Art~How to ensure 100% data transmission, idempotent design plan

How to ensure 100% data transmission

For example, we now have an order service message, how can we ensure that this message is 100% sent to the logistics service?

Let me talk about my solution.
Insert picture description here
(1) The order service delivers the message to the MQ middleware
(2) The logistics service monitors the MQ middleware message for consumption

  • Take RabbitMQ for example.

Let’s talk about a scenario below. What happens if the MQ server suddenly goes down? Are all the messages sent by our order service gone? Yes, general MQ middleware will store messages in memory in order to improve the throughput of the system. If no other processing is done, once the MQ server goes down, all messages will be lost. This is not allowed by the business and has a great impact.

The solution to this problem is to persist the order service message, so even if the MQ is down, the logistics can be monitored normally after restarting.

  • Endurance

Experienced friends will say, I know that one way is to persist the message. When sending a message in RabbitMQ, there will be a durable parameter that can be set. If it is set to true, it will be persisted.

In this case, even if the MQ server is down, there will be message storage in the disk file after restart, so that it will not be lost. Yes, there is a certain probability that the message will not be lost.

But there will be another scenario, that is, the message has just been saved in the MQ memory, but it has not had time to update to the disk file, and it suddenly crashes. (I rely, this time is so short, it will appear, the probability is too low), this scene will be very common in the continuous delivery of a large number of messages.
What to do then? How can we ensure that it will be persisted to the disk? This requires a confirm mechanism of mq.

  • confirm mechanism

The above problem is that no one tells us whether the persistence is successful. Fortunately, many MQs have callback notification features. RabbitMQ has a confirm mechanism to notify us whether the persistence is successful?

Principle of confirm mechanism:

(1) The message producer sends the message to MQ, and if the reception is successful, MQ will return an ack message to the producer;
(2) If the message is unsuccessfully received, MQ will return a nack message to the producer;

Does this guarantee that 100% of the messages will not be lost?

Let's take a look at the confirm mechanism, and imagine if every time our producer sends a message, MQ must be persisted to disk, and then an ack or nack callback will be initiated. In this case, is the throughput of our MQ very low, because the message must be persisted to the disk every time. The action of writing to disk is very slow. This is unacceptable in high concurrency scenarios, and the throughput is too low.

Therefore, the real implementation of MQ persistent disk is processed through asynchronous calls. It has a certain mechanism, such as: when there are thousands of messages, it will flash the disk to the disk at a time. Instead of refreshing the disk every time a message comes.

Therefore, the comfirm mechanism is actually an asynchronous monitoring mechanism to ensure the high throughput of the system.
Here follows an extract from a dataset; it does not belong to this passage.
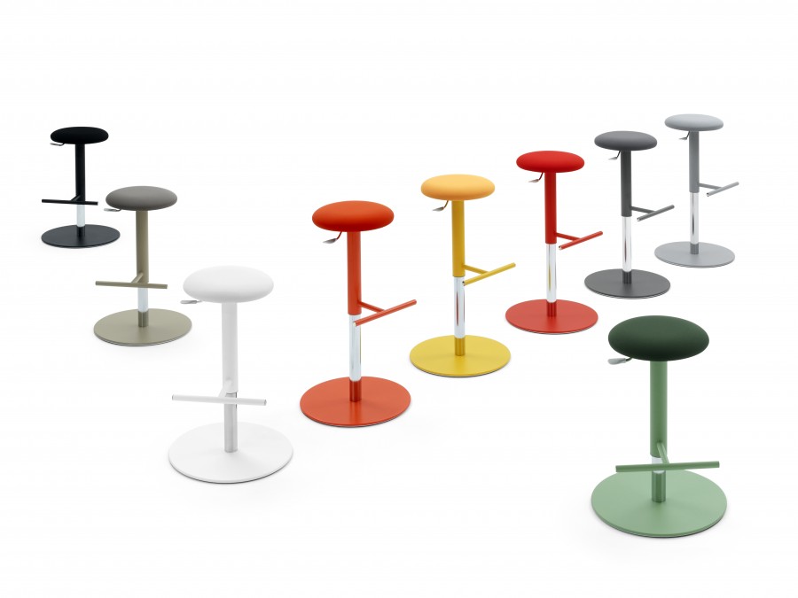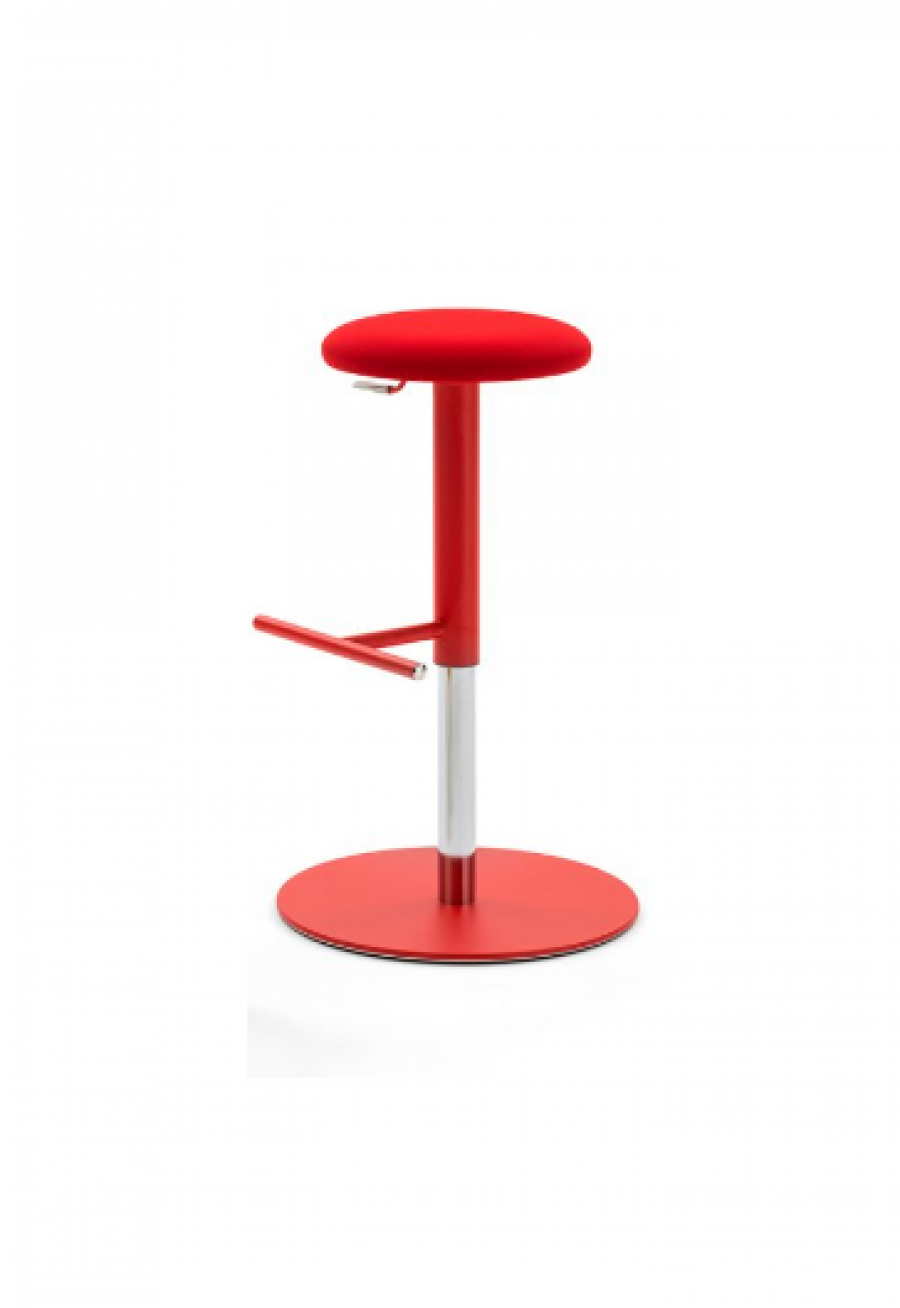 Portofino Bar Height Stool Disc Base / Upholstered Seat Matching Painted Disk Base and Foot Rest / Polished Chrome Column / as Height Adjustable / Ideal For Bars, Restaurants, Coffee Shops, Hotels, Meeting Room Areas

This results in the 100% guarantee that the message is not lost, because even if the confirm mechanism is added, the message has not been flushed in the MQ memory. It crashes when the disk arrives, and it still cannot be processed.
Having said so much, I still can’t make sure, so what should I do? ? ?

  • Message persistence in advance + scheduled task

In fact, the essential reason is that it is impossible to determine whether it will persist or not. Can we make the message persistent? The answer is yes, and our plan has evolved further.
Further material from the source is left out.